Perform that equation and I guarantee you will discover that Americans are pretty scared right now.
Sadly, fear is a big stick that can be useful in political campaigns, especially with only days left until November 4th. Think you might need some help with that adjustable rate mortgage pretty darn quick? Socialist! What, do you think the government is supposed to wipe your chin and put you to bed! On the other hand, do you think you deserve the tax breaks you got under George W. Bush for finally, after 50 plus years, making it to a 50% income bracket? Fat cat! What are you, some kind of AIG executive or something? I’ll bet you eat homeless people for breakfast, you scoundrel!
The rhetoric surrounding the already significant economic mess is off the charts emotionally right now, and I submit it does not help the current situation one bit. What can we make of the term ’socialist’ in an environment in which the U.S. Treasury has just admitted it is considering nationalizing the banks? Which is more ’socialist’: a nationalized banking system, or a universal healthcare system? Don’t taxes by definition always redistribute wealth (unless we’re talking about a flat tax, which we aren’t)?
On a related note, if people who earn over $250,000 are actually about to be financially eviscerated by Barack Obama’s plan to rescind the Bush tax cuts, how is it that Cindy McCain paid just 20% of her 2007 income ($2 million of a total income of $10 million) but my household got stuck paying 27% on a microscopic fraction of that amount? OK, I know that question isn’t entirely logical, but it does beg a related question: Are taxes really the central issue here?

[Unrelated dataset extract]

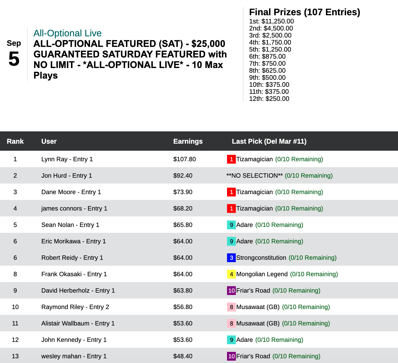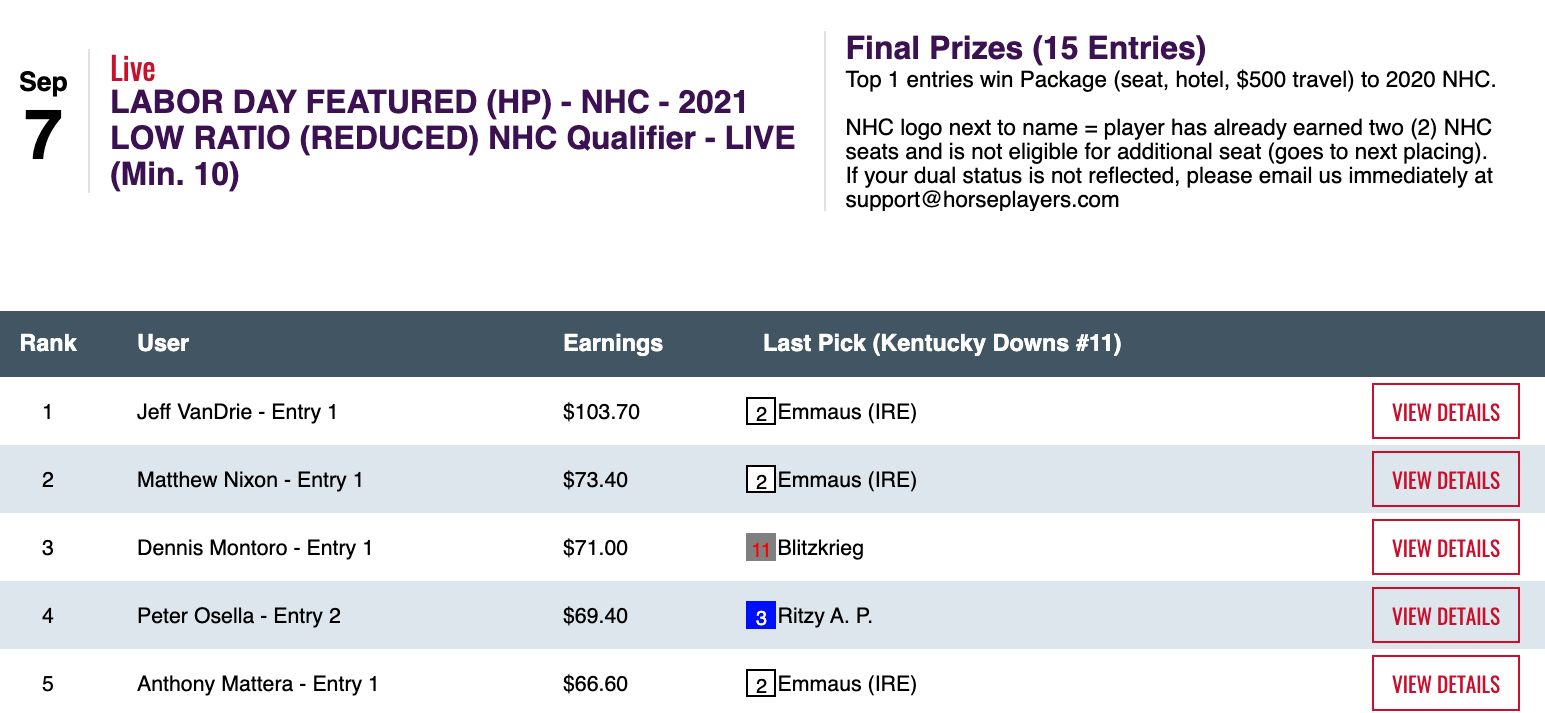 Jon “Hurricane” Hurd led much of the way in our $25,000 Guaranteed All Optional Live event, but Ray connected with Tizamagician ($24.00, $9.60) in the last race to claim the top prize of $11,250 for herself. Hurd settled for a not-too-shabby $4,500.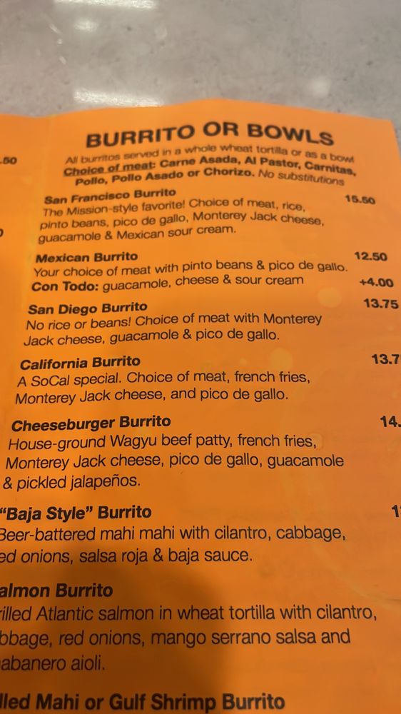 The Mission-style favorite! Choice of meat, rice, beans, pico de gallo, Jack cheese, guacamole, & Mexican sour cream

Or do we just need access to much, much better accountants?
The economic political waters are about as muddy as they can get right now, and that’s useful because confusion and rhetoric throws people back on their own fears and emotional prejudices instead of their capacity for rational analysis of the issues at hand.
I’ll be frank: I have no clue what is going to happen next.
There, I said it.
You know, there are people in the world who spend years and years in Zen meditation practice just to someday, hopefully, somehow, train their minds to live completely in the present moment. Here in America, we’ve suddenly been given that gift free of charge by means of a financial meltdown. If we want, we can choose to simply admit that we are at a completely unrecognized moment in historical time, that no one is certain how this is all going shake out, and then we can just wing it, as it were.
That’s what will ultimately end up happening anyway.
In Zen meditation, when practitioners get caught up in projecting what might or might not happen and in thinking so fast it starts to make a soft whirring noise inside their own heads, the Zen master will often come up behind that practitioner and whap him or her upside the head with a big stick to snap that person out of it. Right now I see an excess of stick wielding Zen masters and a shortage of humble practitioners. If one more Zen master starts in on my own head, seriously, I’m going to…
Well, I’m going to do exactly what I’m currently doing: baking lots of chocolate things and eating them while I still can.
Here’s the scoop (as I understand it): We are either in for the hardest, longest recession in U.S. history or a mild downturn of one to two years followed by complete recovery. We are either about to become a socialist nation with requisite neo-WPA posters in every heavily-taxed home, or else we’re about to give the obscenely wealthy all the rest of our money and stuff, whatever little we have left, even our cats. These dueling outcomes will destroy us by fire or ice, but the important thing for us to understand is that, either way, we will indeed be destroyed.
No wonder people are scared!
I submit we may soon be looking at C) None of the above.
In the meantime, keep your stick to yourself, would you please?